[Stored dataset items]
────────────────────────────────────────
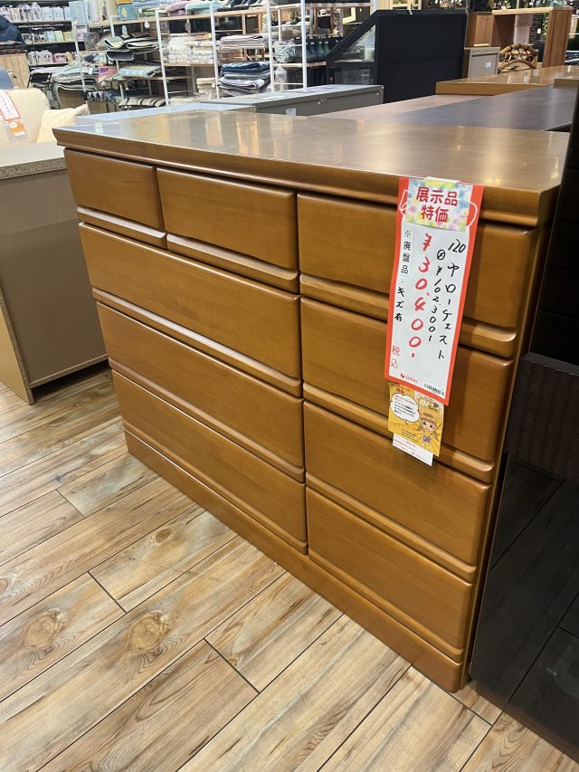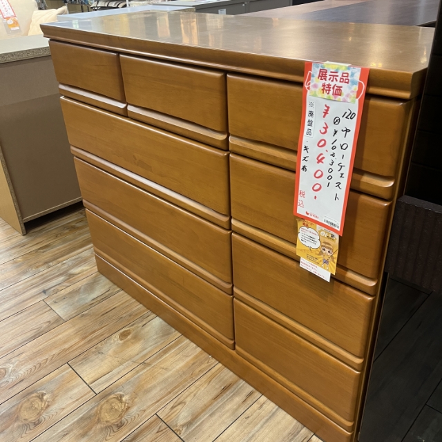 シンプルで使いやすい 木製ワイドチェスト(120cm幅)
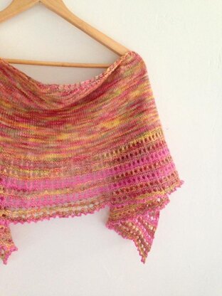 Looking for an amusing way to use a single skein of hand-painted, tonal or kettle dyed yarn? PEEK-A-BOO BAY is a simple, semi-circular shawl that provides the perfect canvas for those intriguing variegated skeins. Fields of gentle stockinette are punctuated with an easy yet engaging eyelet pattern that alternates your multi-colored yarn with a coordinating shade.
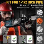 Jednoducho pripevnite k akejkoľvek štandardnej vŕtačke – nie sú potrebné žiadne špeciálne nástroje. Ideálne pre potrubia z PVC, medi, hliníka a nehrdzavejúcej ocele.
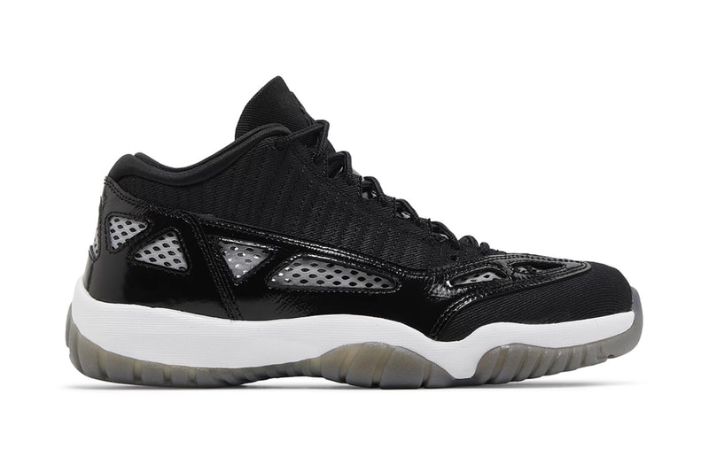 Arriving in a classic and simple black and white color scheme, the AJ11 Low IE is constructed with a mostly all-black upper with a mesh and tumbled leather base. Patent leather overlays give the shoe a glossy finish, while the white mesh underlay is added for breathability, matching the tonal Jumpman logos. The shoe sits atop a white midsole and black semi-translucent outsole to round out the design.
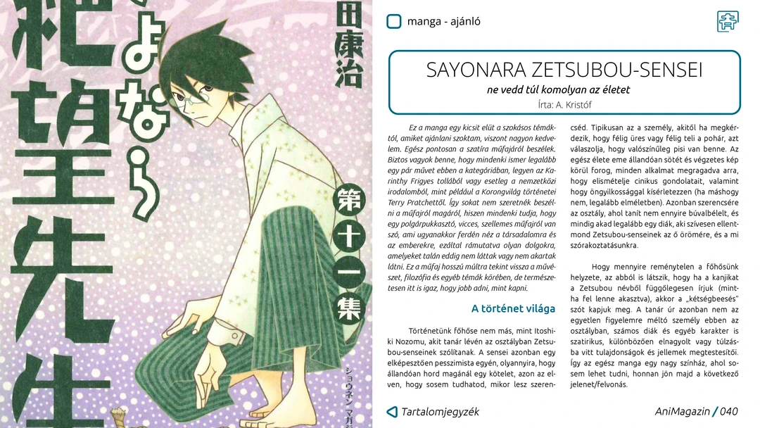 Zatsu Tabi, Shakunetsu Kabaddi, Dr. Stone, Sanrio Danshi, valamint retró és nyári szezonos anime ajánlók, Rick és Morty anime kritika, interjú a Fumax Kiadóval, Sayonara Zetsubou Sensei és Homunculus manga, valamint Another Typical Fantasy Romance manhwa ajánlók, The Haunted Palace sorozat és japán túra/hegymászás történelem bemutatók, Budapest Comic Con és MondoCon beszámolók, valamint további remek cikkek az ingyenes, online AniMagazin legújabb számában!
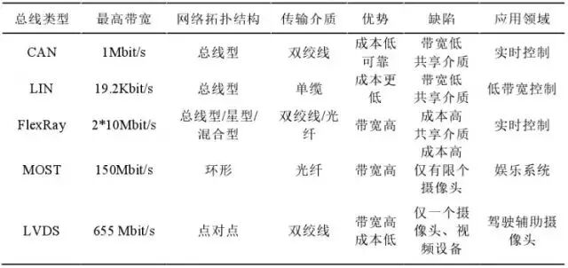 当前主流的车载网络主要由 CAN、LIN、FlexRay、MOST 、LVDS等构成。除了LVDS这些网络标准基本上都是面向汽车行业制定,有着浓重的汽车行业特色。表1中对各种不同网络形式对了简要的对比。
────────────────────────────────────────
Excluding the pictures, restate the records above word for word.

 シンプルで使いやすい 木製ワイドチェスト(120cm幅)
 Looking for an amusing way to use a single skein of hand-painted, tonal or kettle dyed yarn? PEEK-A-BOO BAY is a simple, semi-circular shawl that provides the perfect canvas for those intriguing variegated skeins. Fields of gentle stockinette are punctuated with an easy yet engaging eyelet pattern that alternates your multi-colored yarn with a coordinating shade.
 Jednoducho pripevnite k akejkoľvek štandardnej vŕtačke – nie sú potrebné žiadne špeciálne nástroje. Ideálne pre potrubia z PVC, medi, hliníka a nehrdzavejúcej ocele.
 Arriving in a classic and simple black and white color scheme, the AJ11 Low IE is constructed with a mostly all-black upper with a mesh and tumbled leather base. Patent leather overlays give the shoe a glossy finish, while the white mesh underlay is added for breathability, matching the tonal Jumpman logos. The shoe sits atop a white midsole and black semi-translucent outsole to round out the design.
 Zatsu Tabi, Shakunetsu Kabaddi, Dr. Stone, Sanrio Danshi, valamint retró és nyári szezonos anime ajánlók, Rick és Morty anime kritika, interjú a Fumax Kiadóval, Sayonara Zetsubou Sensei és Homunculus manga, valamint Another Typical Fantasy Romance manhwa ajánlók, The Haunted Palace sorozat és japán túra/hegymászás történelem bemutatók, Budapest Comic Con és MondoCon beszámolók, valamint további remek cikkek az ingyenes, online AniMagazin legújabb számában!
 当前主流的车载网络主要由 CAN、LIN、FlexRay、MOST 、LVDS等构成。除了LVDS这些网络标准基本上都是面向汽车行业制定,有着浓重的汽车行业特色。表1中对各种不同网络形式对了简要的对比。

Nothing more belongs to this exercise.